Data excerpts
——

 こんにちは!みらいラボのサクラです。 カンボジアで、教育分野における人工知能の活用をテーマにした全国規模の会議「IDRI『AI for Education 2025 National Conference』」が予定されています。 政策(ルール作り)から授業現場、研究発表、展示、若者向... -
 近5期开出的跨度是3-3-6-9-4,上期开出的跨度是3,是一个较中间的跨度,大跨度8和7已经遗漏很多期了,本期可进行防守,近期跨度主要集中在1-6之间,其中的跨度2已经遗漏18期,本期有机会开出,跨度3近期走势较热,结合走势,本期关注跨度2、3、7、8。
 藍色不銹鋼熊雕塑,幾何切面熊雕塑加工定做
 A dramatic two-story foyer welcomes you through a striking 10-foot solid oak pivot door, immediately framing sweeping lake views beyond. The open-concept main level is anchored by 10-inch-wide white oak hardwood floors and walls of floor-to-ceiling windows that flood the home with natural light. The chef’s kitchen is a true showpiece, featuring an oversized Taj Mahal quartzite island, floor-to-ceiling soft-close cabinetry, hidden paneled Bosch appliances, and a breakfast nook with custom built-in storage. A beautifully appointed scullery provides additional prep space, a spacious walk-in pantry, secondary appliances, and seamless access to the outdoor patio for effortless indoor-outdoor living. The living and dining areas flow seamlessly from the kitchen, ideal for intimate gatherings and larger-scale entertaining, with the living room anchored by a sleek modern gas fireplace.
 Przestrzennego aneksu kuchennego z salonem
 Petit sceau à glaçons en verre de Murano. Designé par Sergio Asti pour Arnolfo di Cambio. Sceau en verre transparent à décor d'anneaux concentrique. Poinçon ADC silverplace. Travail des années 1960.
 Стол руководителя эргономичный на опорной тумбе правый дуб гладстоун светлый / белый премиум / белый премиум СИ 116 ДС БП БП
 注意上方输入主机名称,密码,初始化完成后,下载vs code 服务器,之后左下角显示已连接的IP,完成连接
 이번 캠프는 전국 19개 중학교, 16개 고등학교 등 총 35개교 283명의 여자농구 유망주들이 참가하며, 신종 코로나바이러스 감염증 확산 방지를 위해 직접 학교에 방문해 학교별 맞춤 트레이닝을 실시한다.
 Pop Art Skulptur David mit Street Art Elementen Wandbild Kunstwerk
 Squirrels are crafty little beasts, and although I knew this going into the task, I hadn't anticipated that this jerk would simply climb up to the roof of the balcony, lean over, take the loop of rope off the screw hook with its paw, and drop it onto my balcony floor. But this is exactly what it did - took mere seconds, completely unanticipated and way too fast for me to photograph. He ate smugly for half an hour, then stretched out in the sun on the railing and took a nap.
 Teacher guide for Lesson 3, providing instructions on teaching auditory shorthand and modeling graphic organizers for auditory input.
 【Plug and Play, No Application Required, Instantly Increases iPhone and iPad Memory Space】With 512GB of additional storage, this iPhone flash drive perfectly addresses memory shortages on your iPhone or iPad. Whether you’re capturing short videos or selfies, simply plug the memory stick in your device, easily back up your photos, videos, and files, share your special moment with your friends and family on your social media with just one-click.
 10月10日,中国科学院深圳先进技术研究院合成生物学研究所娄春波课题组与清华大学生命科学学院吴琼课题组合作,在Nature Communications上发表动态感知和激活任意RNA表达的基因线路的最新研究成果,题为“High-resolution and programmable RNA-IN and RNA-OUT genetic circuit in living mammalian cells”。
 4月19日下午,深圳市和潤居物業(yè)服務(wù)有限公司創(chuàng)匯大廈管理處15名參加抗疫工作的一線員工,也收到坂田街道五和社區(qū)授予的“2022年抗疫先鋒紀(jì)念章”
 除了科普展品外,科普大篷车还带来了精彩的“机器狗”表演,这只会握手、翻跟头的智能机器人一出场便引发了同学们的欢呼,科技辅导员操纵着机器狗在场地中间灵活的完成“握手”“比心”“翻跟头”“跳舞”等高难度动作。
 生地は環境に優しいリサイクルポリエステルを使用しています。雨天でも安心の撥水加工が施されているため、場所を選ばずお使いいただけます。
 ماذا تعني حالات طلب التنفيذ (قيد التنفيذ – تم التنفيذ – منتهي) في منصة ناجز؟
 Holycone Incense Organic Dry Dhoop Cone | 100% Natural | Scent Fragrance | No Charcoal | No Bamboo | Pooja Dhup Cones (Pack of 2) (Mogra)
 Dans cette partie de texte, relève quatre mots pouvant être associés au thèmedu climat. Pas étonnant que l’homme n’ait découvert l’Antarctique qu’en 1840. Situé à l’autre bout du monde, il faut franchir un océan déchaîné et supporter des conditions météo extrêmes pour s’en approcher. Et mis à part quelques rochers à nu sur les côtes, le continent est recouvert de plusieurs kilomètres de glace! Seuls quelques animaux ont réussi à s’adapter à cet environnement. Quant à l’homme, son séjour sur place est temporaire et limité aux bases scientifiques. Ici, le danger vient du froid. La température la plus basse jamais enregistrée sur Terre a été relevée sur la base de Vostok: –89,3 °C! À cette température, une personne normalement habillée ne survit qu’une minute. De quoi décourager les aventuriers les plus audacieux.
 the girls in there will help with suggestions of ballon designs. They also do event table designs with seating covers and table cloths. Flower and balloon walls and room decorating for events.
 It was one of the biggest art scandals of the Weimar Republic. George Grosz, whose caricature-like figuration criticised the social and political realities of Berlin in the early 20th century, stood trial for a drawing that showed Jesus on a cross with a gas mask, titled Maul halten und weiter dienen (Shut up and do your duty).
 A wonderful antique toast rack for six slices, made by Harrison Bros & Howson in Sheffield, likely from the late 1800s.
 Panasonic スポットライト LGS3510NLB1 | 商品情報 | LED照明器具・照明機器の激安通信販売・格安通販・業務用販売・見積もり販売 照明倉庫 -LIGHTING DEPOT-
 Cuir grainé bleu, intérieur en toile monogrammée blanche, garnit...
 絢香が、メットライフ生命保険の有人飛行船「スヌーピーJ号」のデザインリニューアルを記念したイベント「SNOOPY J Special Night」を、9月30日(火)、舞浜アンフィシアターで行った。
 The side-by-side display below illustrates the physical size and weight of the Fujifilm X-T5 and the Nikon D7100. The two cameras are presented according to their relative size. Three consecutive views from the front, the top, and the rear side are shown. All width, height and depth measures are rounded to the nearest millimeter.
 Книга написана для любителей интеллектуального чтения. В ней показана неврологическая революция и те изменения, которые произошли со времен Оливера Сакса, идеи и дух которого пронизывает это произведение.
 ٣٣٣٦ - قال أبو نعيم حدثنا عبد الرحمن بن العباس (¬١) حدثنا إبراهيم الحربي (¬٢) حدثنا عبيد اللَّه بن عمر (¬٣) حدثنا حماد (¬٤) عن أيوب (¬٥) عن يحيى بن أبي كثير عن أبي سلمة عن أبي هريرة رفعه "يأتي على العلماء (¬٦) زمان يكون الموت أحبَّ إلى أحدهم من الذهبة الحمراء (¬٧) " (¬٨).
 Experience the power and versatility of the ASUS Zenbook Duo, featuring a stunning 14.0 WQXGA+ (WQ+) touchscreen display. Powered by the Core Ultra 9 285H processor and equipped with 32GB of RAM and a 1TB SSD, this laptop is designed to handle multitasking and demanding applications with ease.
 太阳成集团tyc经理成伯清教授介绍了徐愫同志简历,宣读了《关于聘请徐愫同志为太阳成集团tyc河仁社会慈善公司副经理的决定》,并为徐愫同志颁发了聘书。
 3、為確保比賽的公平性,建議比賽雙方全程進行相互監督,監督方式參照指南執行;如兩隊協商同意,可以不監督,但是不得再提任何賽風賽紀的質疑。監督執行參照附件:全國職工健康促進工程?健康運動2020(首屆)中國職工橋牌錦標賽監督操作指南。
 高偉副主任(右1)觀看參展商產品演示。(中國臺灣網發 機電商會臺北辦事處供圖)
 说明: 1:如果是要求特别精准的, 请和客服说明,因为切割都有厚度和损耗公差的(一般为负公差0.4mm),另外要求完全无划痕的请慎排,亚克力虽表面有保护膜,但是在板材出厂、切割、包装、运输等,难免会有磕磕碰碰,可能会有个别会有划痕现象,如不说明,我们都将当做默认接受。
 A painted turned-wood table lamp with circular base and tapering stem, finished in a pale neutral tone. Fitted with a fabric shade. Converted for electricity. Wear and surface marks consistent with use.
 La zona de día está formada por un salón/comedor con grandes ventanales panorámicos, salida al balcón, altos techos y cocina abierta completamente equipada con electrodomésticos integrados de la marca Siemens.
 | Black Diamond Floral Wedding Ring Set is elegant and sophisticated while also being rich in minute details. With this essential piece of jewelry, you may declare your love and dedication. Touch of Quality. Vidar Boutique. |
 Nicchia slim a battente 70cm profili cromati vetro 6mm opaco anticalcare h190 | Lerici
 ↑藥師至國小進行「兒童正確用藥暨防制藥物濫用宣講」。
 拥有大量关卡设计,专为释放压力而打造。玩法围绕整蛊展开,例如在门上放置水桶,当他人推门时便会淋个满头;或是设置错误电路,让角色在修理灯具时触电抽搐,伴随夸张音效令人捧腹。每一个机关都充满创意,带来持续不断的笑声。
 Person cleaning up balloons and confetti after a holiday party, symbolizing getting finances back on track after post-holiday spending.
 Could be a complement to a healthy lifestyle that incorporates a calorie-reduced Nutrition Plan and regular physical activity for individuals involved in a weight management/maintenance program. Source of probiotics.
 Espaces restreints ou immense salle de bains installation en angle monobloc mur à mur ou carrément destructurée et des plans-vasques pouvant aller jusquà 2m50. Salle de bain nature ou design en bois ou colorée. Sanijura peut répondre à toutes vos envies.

——

Task details. Would you set down, word for word, the lines from the opening of the entries above through the line with "藍色不銹鋼熊雕塑,幾何切面熊雕塑加工定做", both included, and no others?

Result below.
 こんにちは!みらいラボのサクラです。 カンボジアで、教育分野における人工知能の活用をテーマにした全国規模の会議「IDRI『AI for Education 2025 National Conference』」が予定されています。 政策(ルール作り)から授業現場、研究発表、展示、若者向... -
 近5期开出的跨度是3-3-6-9-4,上期开出的跨度是3,是一个较中间的跨度,大跨度8和7已经遗漏很多期了,本期可进行防守,近期跨度主要集中在1-6之间,其中的跨度2已经遗漏18期,本期有机会开出,跨度3近期走势较热,结合走势,本期关注跨度2、3、7、8。
 藍色不銹鋼熊雕塑,幾何切面熊雕塑加工定做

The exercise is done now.